What are the benefits for defining PRIMARY KEY (geohash, category, payload)?
It depends on the size of your data for each row (geohash text, category int, payload text). If your payload size does not reach to tens of Mb, then you may want to put more geohash values into the same partition by using an artificial bucketId int, so your query can be performed on a server. Schema would look like this
geohash text, bucketId int, category int, payload text where the partition key is goehash and bucketId.
The recommendation is to have a sizeable partition <= 100 Mb, so you don't have to look up too many partitions. More is available here.
If you have a primary key on (geohash, category, payload), then you can have your data sorted on category and payload in the ascending order.
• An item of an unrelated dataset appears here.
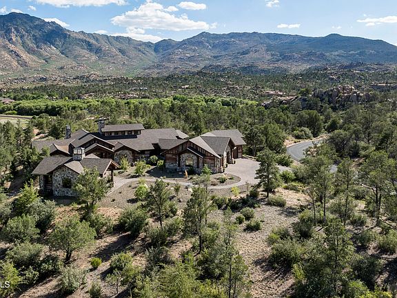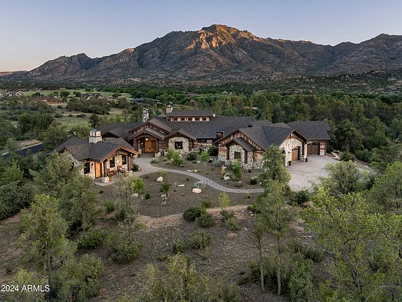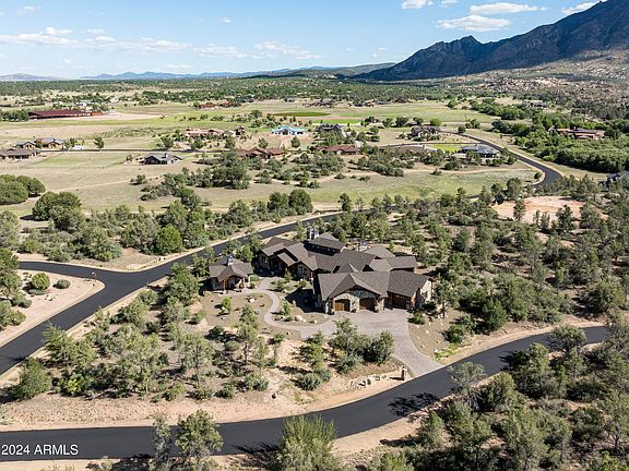 Exquisite Mountain Ranch Estate, perfectly positioned on 1.87 acres at the base of Granite Mountain, behind the gates of exclusive American Ranch Equestrian Community. Architecturally wrapped w/ reclaimed barn wood siding & stone exterior, this 4,369 sq. ft. estate is stunning inside & out! Main house offers 3 bed plus office, 4 bath, boasting only the finest of features w/ floor to ceiling double sided see thru stone Accucraft fireplace, arched beams w/ wood ceilings, milled live edge wood accent walls, built in custom cabinetry, custom Wyoming lighting, Kolbe windows & sliders, solid alder wood doors & trim, whole house sound system, heated tile flooring, accent tin ceilings, Nuvo water filtration, fire suppression system, hickory hardwood flooring w/ brick & stone accents See MORE. throughout. Chef's kitchen is equipped w/ oversized black walnut island, copper sink & range hood, Wolfe/Sub Zero Appliances w/ 6 burner range & griddle, pot filler, double oven, walk-in pantry w/ wine storage. Expansive primary suite w/ quaint reading niche & cozy fireplace, huge walk-in closet w/ granite counter built in dresser. Grand primary bathroom offering walk-in thru shower, copper soaking tub & sinks. 555 sq. ft. Guest House is adorned w/ the same attention to detail offering kitchen, den w/ see thru fireplace, 1 bed, 1 bath. Oversized 3 car garage w/ epoxy floors, climate control, walled in storage room & upstairs loft. Enjoy captivating mountain views from wrap around rear patio all under roof w/ wood burning fireplace, built-in BBQ, water feature, fenced yard for pets, & spa connection off primary. Community offers clubhouse, outdoor pool, tennis courts/pickleball, fitness center, cardio room, billiards room, fully stocked fishing lake & the multi-million dollar fully staffed equestrian center and more!
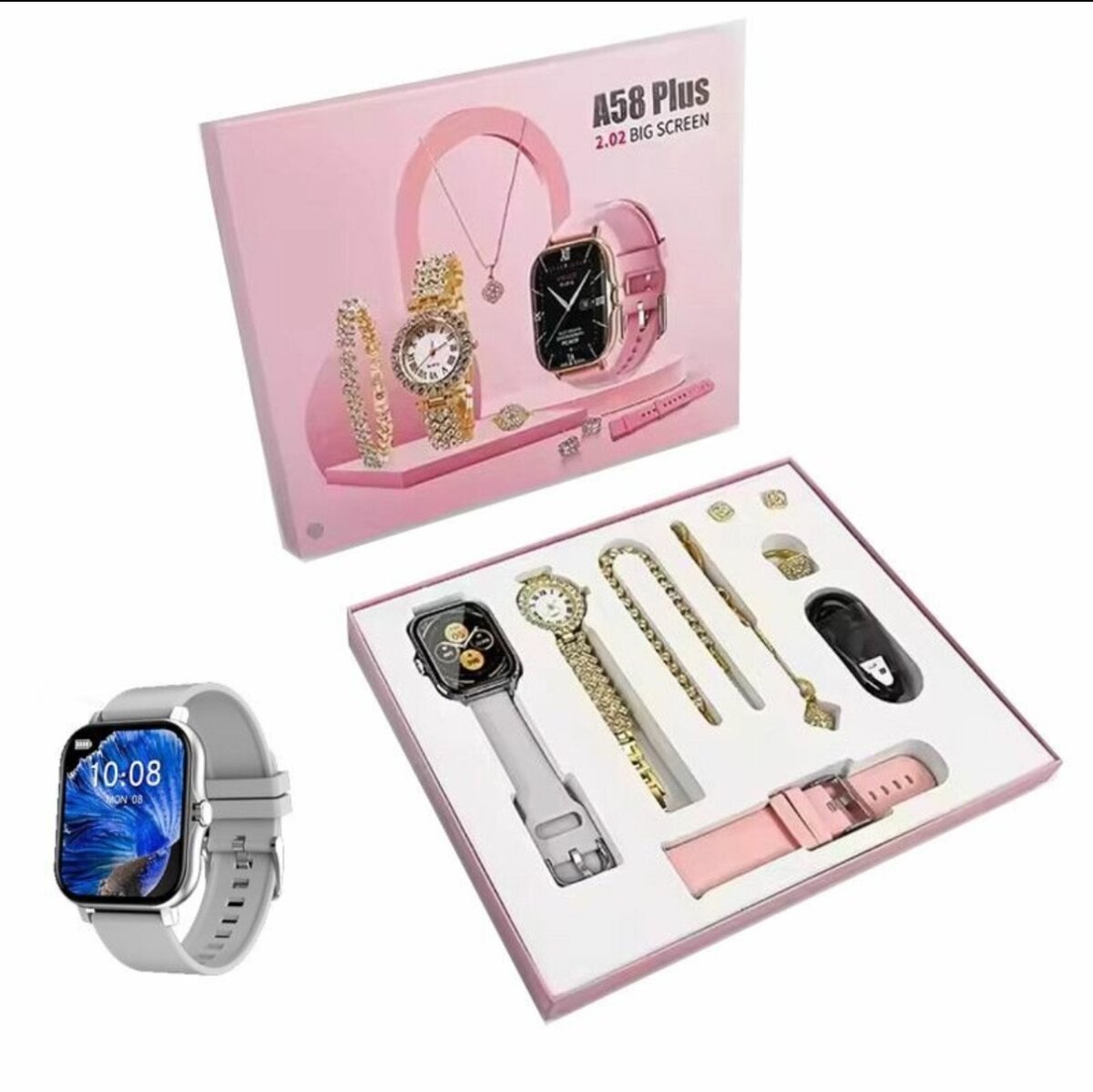 2 montres 1 bracelet 1 paires de boucle doreilles 1 chaîne Tout ceci est le composant du carton

So based on the query, it sounds like you're considering a CQL schema that looks like this:
CREATE TABLE geohash_data (
geohash text,
category int,
data text,
PRIMARY KEY (geohash)
);
In Cassandra, the first (and in this case only) column in your PRIMARY KEY is the Partition Key. The Partition Key is what's used to distribute data around the cluster. So when you do your SELECT ... IN () query, you're basically querying for the data in 9 different partitions which, depending on how large your cluster is, the replication factor, and the consistency level you use to do the query, could end up querying at least 9 servers (and maybe more). Why does that matter?
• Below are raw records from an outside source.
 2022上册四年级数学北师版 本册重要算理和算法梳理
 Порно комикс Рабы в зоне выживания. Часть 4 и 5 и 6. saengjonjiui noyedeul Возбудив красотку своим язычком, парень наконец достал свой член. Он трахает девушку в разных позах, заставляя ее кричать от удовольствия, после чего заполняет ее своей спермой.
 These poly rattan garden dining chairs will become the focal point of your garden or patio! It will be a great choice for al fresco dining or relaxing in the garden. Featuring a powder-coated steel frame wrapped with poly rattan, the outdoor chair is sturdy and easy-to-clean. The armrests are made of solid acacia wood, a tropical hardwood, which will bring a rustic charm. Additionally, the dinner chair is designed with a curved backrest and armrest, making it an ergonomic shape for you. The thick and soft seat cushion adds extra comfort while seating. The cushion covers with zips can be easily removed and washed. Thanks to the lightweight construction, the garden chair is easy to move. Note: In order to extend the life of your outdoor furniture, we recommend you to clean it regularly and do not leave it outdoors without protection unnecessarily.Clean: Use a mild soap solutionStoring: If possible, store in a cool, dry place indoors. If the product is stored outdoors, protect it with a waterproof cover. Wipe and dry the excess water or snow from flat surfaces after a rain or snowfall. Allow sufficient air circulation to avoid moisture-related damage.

Latency: The more partitions (and thus replicas/servers) involved in our query, the more potential for a slow server being able to negatively impact how quickly the data is returned.
Availability: The more partitions (and thus replicas/servers) involved in our query, the more potential that a single server going down could make it impossible for the query to be satisfied at all.
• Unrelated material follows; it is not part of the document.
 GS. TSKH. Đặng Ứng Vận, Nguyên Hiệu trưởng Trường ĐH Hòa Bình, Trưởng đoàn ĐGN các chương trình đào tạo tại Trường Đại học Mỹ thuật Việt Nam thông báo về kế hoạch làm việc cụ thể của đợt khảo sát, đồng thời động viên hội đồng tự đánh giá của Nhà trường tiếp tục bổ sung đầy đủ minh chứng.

Both of those are bad scenarios so (as Toan rightly points out in his answer and the link he provided), we try to data model in Cassandra so that our queries will hit as few partitions (and thus replicas/servers) as possible. What does that mean for your scenario? Without knowing all the details, it's hard to say for sure, but let me make a couple guesses about your scenario and give you an example of how I'd try to solve it.
It sounds like maybe you already know the list of possible geohash values ahead of time (maybe they're at some regularly spaced interval of a predefined grid). It also sounds like maybe you're querying for 9 geohash values because you're doing some kind of "proximity" search where you're trying to get the data for the 9 geohashes in each direction around a given point.
If that's the case, the trick could be to denormalize the data at write time into a data model optimized for reading. For example, a schema like this:
CREATE TABLE geohash_data (
geohash text,
data_geohash text,
category int,
data text,
PRIMARY KEY (geohash, data_geohash)
);
When you INSERT a data point, you'd calculate the geohashes for the surrounding areas where you expect that data should show up in the results. You'd then INSERT the data multiple times for each geohash you calculated. So the value for geohash is the calculated value where you expect it to show up in the query results and the value for data_geohash is the actual value from the data you're inserting. Thus you'd have multiple (up to 9?) rows in your partition for a given geohash which represent the data of the surrounding geohashes.
This means your SELECT query now doesn't have to do an IN and hit multiple partitions. You just query WHERE geohash = ? for the point you want to search around.